## WORK ORDER:
Once the line containing "Примеры подготовленных мной" is reached, copy it and every line after it exactly, to the end of the material, without pictures.

BEGIN INFORMATION PROVIDED

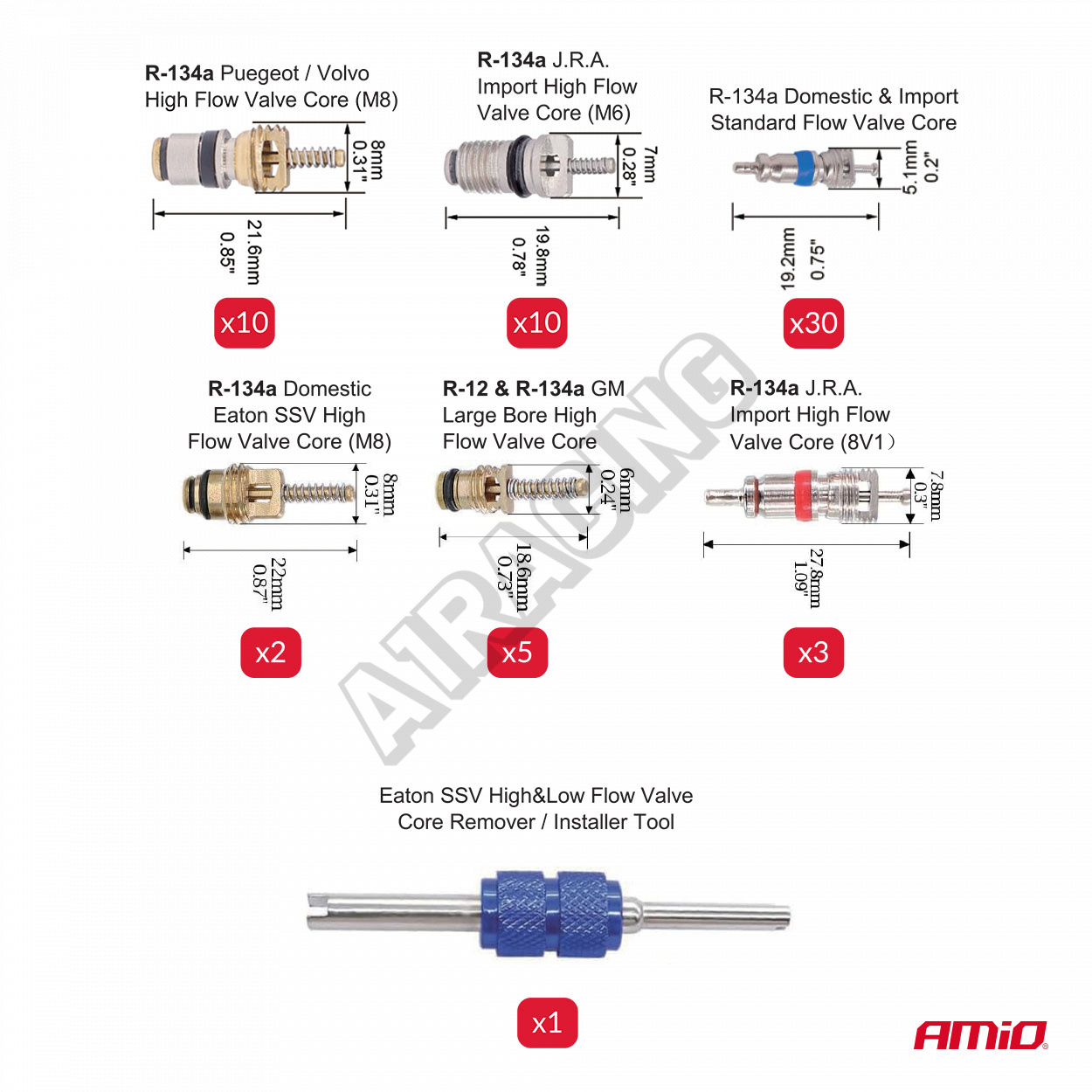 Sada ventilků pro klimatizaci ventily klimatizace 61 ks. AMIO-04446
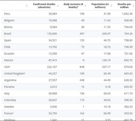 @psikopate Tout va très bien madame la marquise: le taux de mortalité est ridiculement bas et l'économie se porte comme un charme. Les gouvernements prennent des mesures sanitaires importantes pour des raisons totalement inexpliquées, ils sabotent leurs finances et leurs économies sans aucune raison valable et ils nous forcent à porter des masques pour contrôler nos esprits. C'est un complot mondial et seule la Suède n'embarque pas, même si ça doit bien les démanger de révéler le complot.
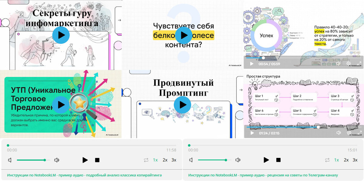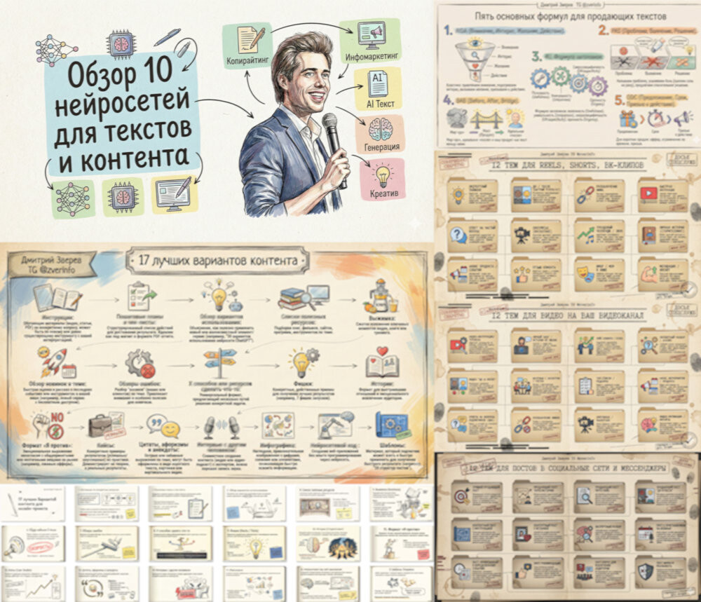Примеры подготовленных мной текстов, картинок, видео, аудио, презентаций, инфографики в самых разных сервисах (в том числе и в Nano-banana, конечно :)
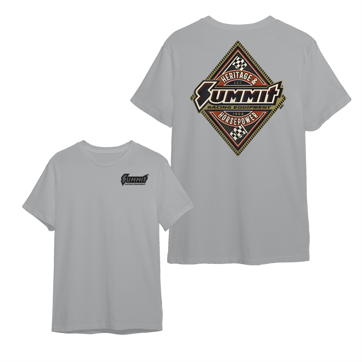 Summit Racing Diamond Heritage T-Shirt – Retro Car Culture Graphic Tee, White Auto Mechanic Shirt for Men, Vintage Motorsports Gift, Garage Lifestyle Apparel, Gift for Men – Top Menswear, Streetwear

END INFORMATION PROVIDED

## RESPONSE TO THE TASK:
Примеры подготовленных мной текстов, картинок, видео, аудио, презентаций, инфографики в самых разных сервисах (в том числе и в Nano-banana, конечно :)
 Summit Racing Diamond Heritage T-Shirt – Retro Car Culture Graphic Tee, White Auto Mechanic Shirt for Men, Vintage Motorsports Gift, Garage Lifestyle Apparel, Gift for Men – Top Menswear, Streetwear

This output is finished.